Don Lansing maintains the diamond himself and pays for the cost of its upkeep with proceeds from the sale of caps, T-shirts and other Field of Dreams items at a busy souvenir stand.

The community of Dyersville has also benefited from all the activity generated by the ball field on Don Lansing’s farm. Two new motels have sprung up in recent years and the ripple affect has been a boon for the local restaurants, gas stations and other retailers.

Once again our conversation is interrupted, this time by two couples who approach the fence and politely ask to have their photos taken with the farm house in the background. Lansing says that would be fine and ends up taking the pictures for them. One of the two men asks Lansing for an autograph, then fumbles awkwardly through his wife’s purse for a pen and any scrap of paper. Lansing scribbles his name and the man thanks him profusely.

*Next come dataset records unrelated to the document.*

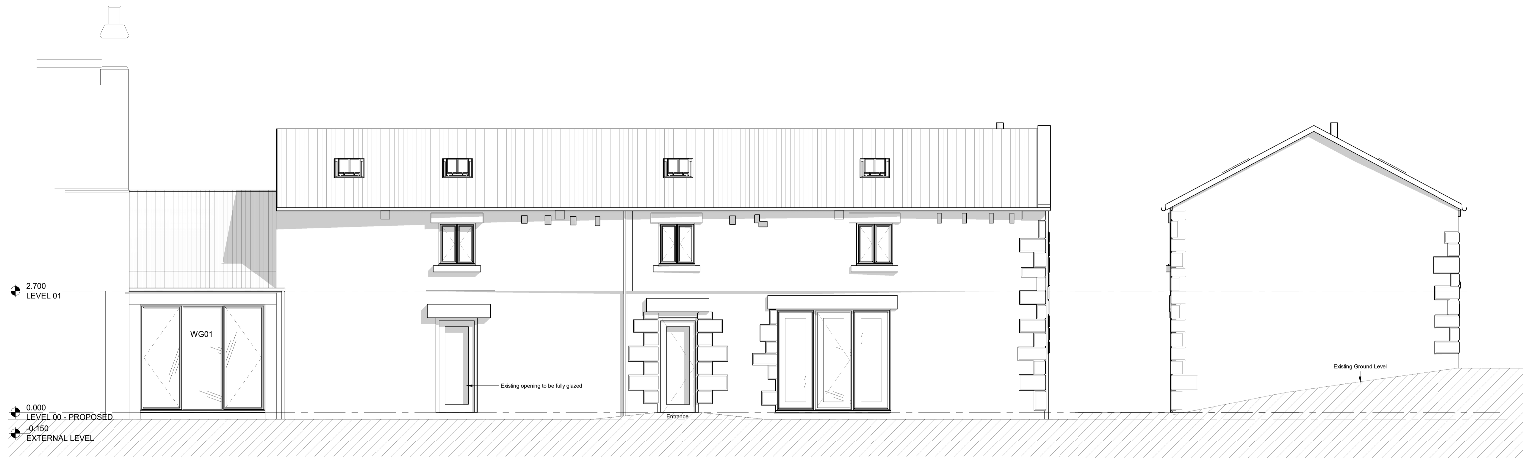
SOUTH ELEVATION SCALE: 1 : 50
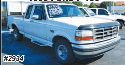
1995 FORD F-150
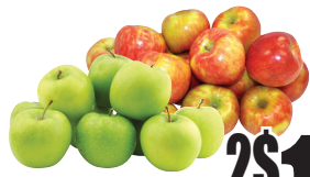
Granny Smith or Honeycrisp Apples Manzanas Verde o Honeycrisp
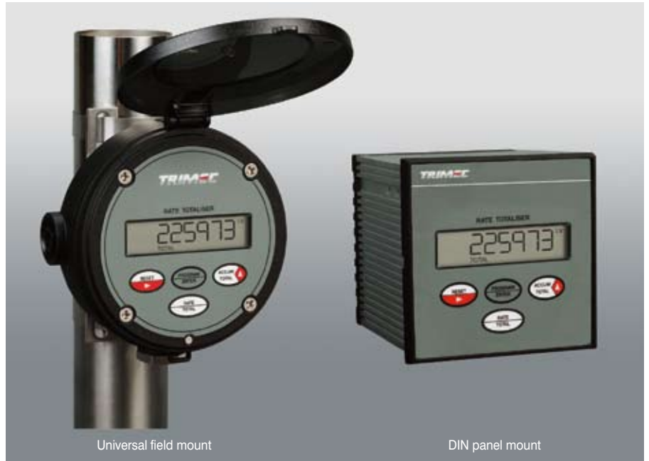
Universal field mount
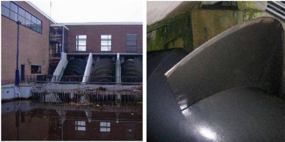
Figure 2.1 Example of a conventional screw pump with on the right side a detail of the vane

Most Dutch screw pumps are designed as open screws. The screw rotates in a concrete or metal drain, the trough. Although for an optimal return the screw should touch to the trough as much as possible, there is always water flowing between the screw and trough. Figure 2.1 shows an conventional screw pump, even as a detail of the start of a vain.
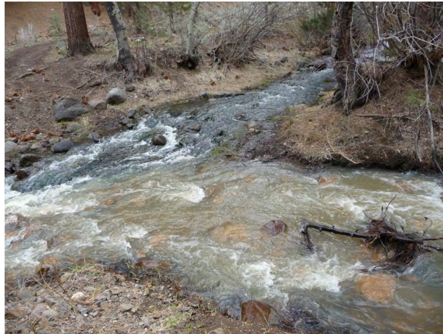
Leviathan Creek and clean tributary
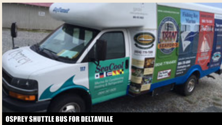
OSPREY SHUTTLE BUS FOR DELTAVILLE

Boaters and locals enjoyed the Summer Shuttle Bus which ran from Memorial Day to Labor Day each weekend in 2016. The great news is that in 2017 this wonderful addition to Deltaville WILL CONTINUE! Local businesses and community groups provided financial support for this this local 1 hour loop public transportation around Deltaville, allowing riders to pay only .50 cents per ride. With 20 stops in addition to 'flag stops' wherever you needed, this service has been well used. We hope for a slightly expanded schedule in 2017, so be sure to GET ONBOARD THE 'OSPREY' DELTAVILLE SHUTTLE BUS next summer when you come to DYC.
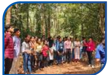
Educational Walk Through
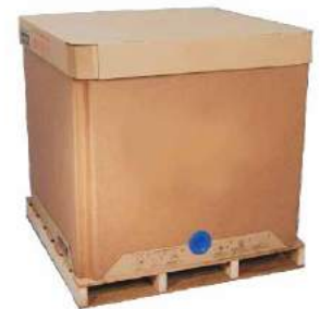
1000 Ltr Totes with heat control unit
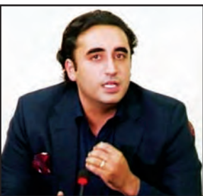
Bilawal Bhutto Zardari

DAVOS, JAN 20 /--/ The existing international order was created keeping in mind interests of the West and the world needs a new one where voice of the Global South can be heard, Pakistan's foreign affairs minister Bilawal Bhutto Zardari said on Friday. Speaking at a session during the World Economic Forum Annual Meeting 2023 here, he also favoured peace negotiations to resolve the Ukraine crisis.
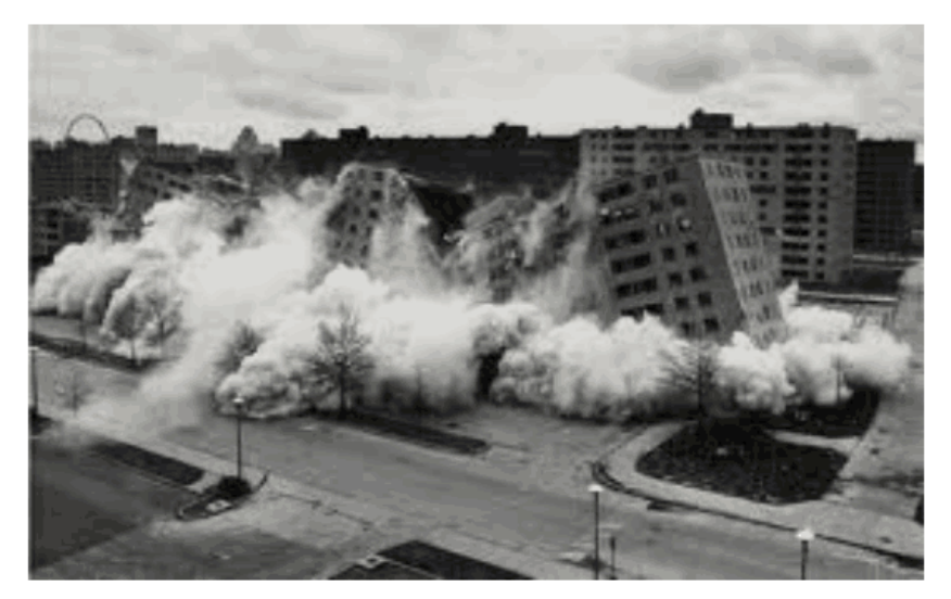
Destruction of the Pruit-Igoe housing development, St Louis, 1972

these policy errors made just in countries in the global North.

“No problem,” says Lansing. “Thanks for coming by.”

“It was an honor,” the man said, and all four back away down the grassy slope, almost like courtiers withdrawing from a monarch’s presence.

A tour bus comes slowly down the driveway, stops and two-dozen people begin climbing out. There are a lot more people here now than there were an hour ago.

Because there is no admission charged at the Field of Dreams, no one knows for sure how many visitors come here every year. But from the number of names in the guest book he has placed on a stand behind the backstop, Lansing estimates that 60,000 people visited last year alone. What’s more, he says the number of visitors is actually increasing every year.

The people in the tour group drift over to watch the activity on the baseball field where a whole new line of youngsters is now waiting to bat. Kids and adults both are scattered around the field fielding balls and tossing them back into the infield. There’s no yelling, no horseplay. And, as Don Lansing points out, there’s not a speck of trash anywhere in sight.

“If all this was a problem, I’d give it up in a New York minute,” he says. “But everyone respects the place. They just figure it’s their own little piece of heaven.”

Is this heaven?

Well, no, it’s Iowa … but there’s a 10-year-old about to step up to the plate who would almost certainly disagree.

And, on this particular day, so would I.